** Opening SOURCE MATERIAL block **

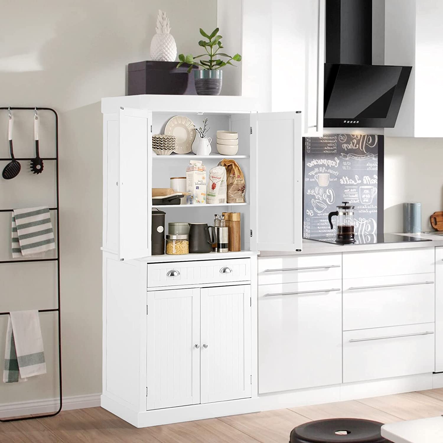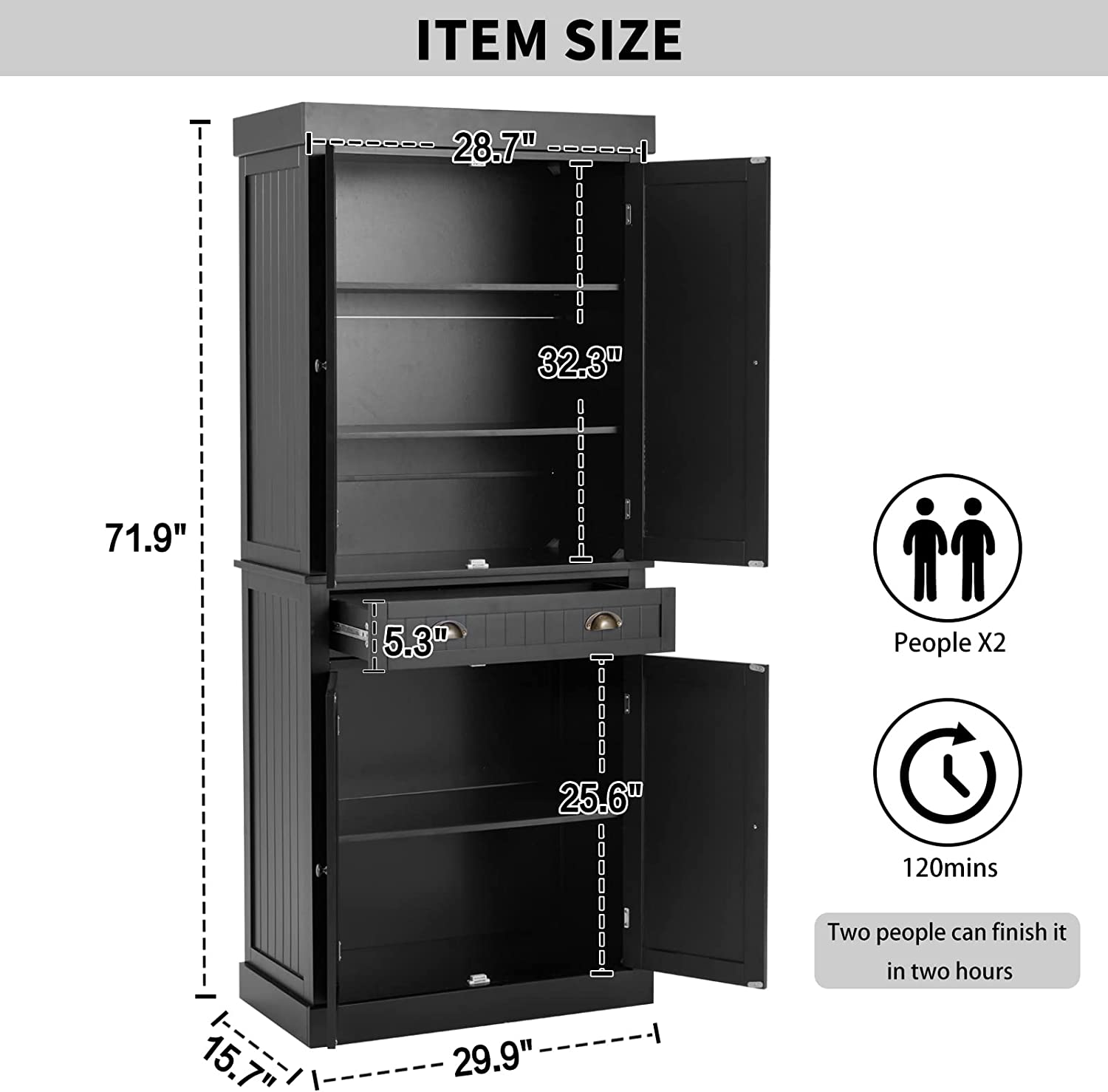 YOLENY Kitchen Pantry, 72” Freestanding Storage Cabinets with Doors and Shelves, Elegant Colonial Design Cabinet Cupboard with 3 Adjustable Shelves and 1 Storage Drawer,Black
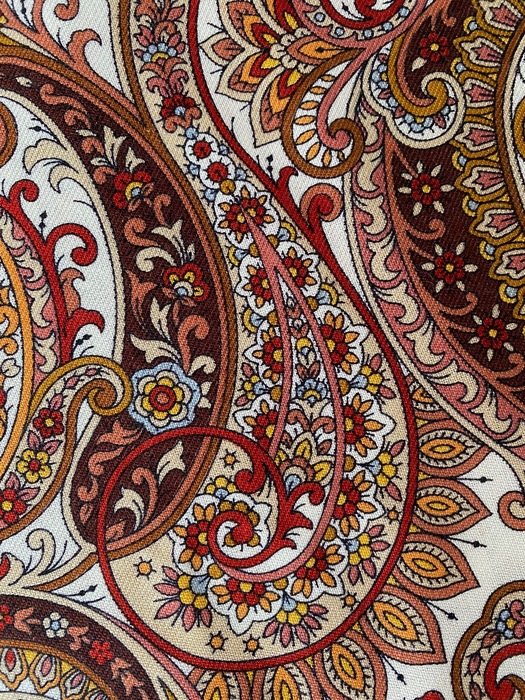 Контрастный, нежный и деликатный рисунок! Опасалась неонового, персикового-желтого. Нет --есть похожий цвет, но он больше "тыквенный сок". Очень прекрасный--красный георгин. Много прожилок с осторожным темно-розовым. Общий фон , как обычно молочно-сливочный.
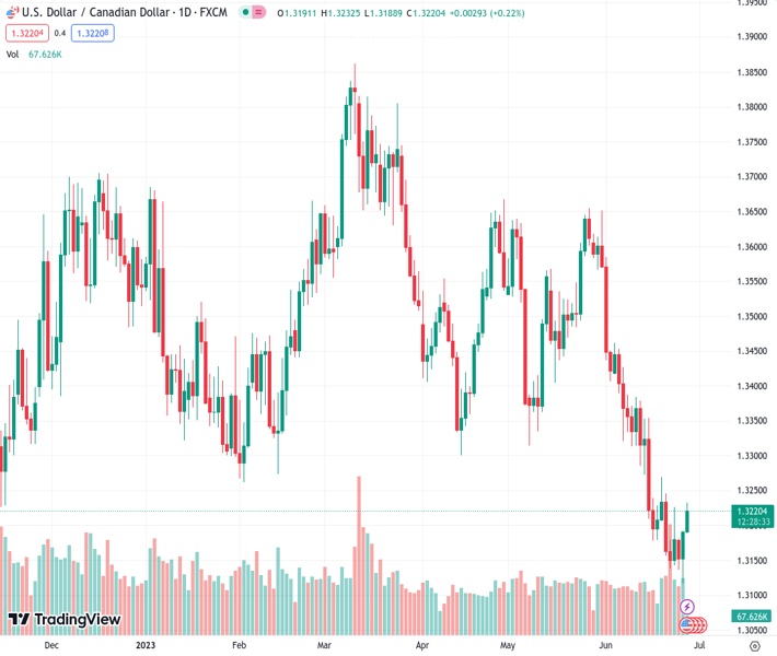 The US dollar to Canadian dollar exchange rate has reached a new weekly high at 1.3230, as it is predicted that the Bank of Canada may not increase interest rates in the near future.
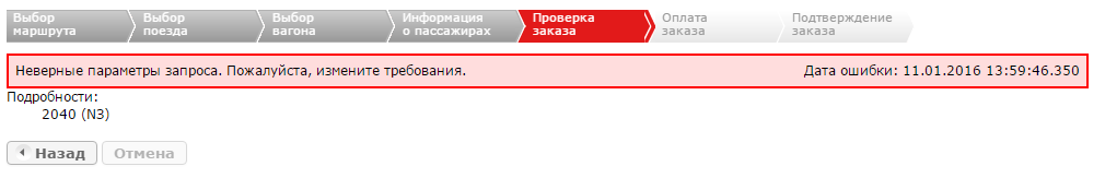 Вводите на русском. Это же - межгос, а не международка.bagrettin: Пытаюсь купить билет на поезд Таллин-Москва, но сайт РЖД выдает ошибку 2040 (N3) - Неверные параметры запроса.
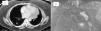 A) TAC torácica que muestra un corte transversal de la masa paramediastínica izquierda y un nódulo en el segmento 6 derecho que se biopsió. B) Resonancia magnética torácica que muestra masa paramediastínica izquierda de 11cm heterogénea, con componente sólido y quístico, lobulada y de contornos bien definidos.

** Closing SOURCE MATERIAL block **
** Opening SOURCE MATERIAL block **

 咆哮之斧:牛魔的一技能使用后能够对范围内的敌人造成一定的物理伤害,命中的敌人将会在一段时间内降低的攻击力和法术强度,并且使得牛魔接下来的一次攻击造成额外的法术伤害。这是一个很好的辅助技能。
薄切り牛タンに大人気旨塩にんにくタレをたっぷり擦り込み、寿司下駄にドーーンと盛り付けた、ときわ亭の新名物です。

** Closing SOURCE MATERIAL block **

WORK ITEM:
Excerpt from the records above: set down only the lines from the one that contains "1 Storage Drawer,Black" through the one that contains "The US dollar", inclusive, word for word. Pictures stay out.

ANSWER TO THIS PROBLEM:
 YOLENY Kitchen Pantry, 72” Freestanding Storage Cabinets with Doors and Shelves, Elegant Colonial Design Cabinet Cupboard with 3 Adjustable Shelves and 1 Storage Drawer,Black
 Контрастный, нежный и деликатный рисунок! Опасалась неонового, персикового-желтого. Нет --есть похожий цвет, но он больше "тыквенный сок". Очень прекрасный--красный георгин. Много прожилок с осторожным темно-розовым. Общий фон , как обычно молочно-сливочный.
 The US dollar to Canadian dollar exchange rate has reached a new weekly high at 1.3230, as it is predicted that the Bank of Canada may not increase interest rates in the near future.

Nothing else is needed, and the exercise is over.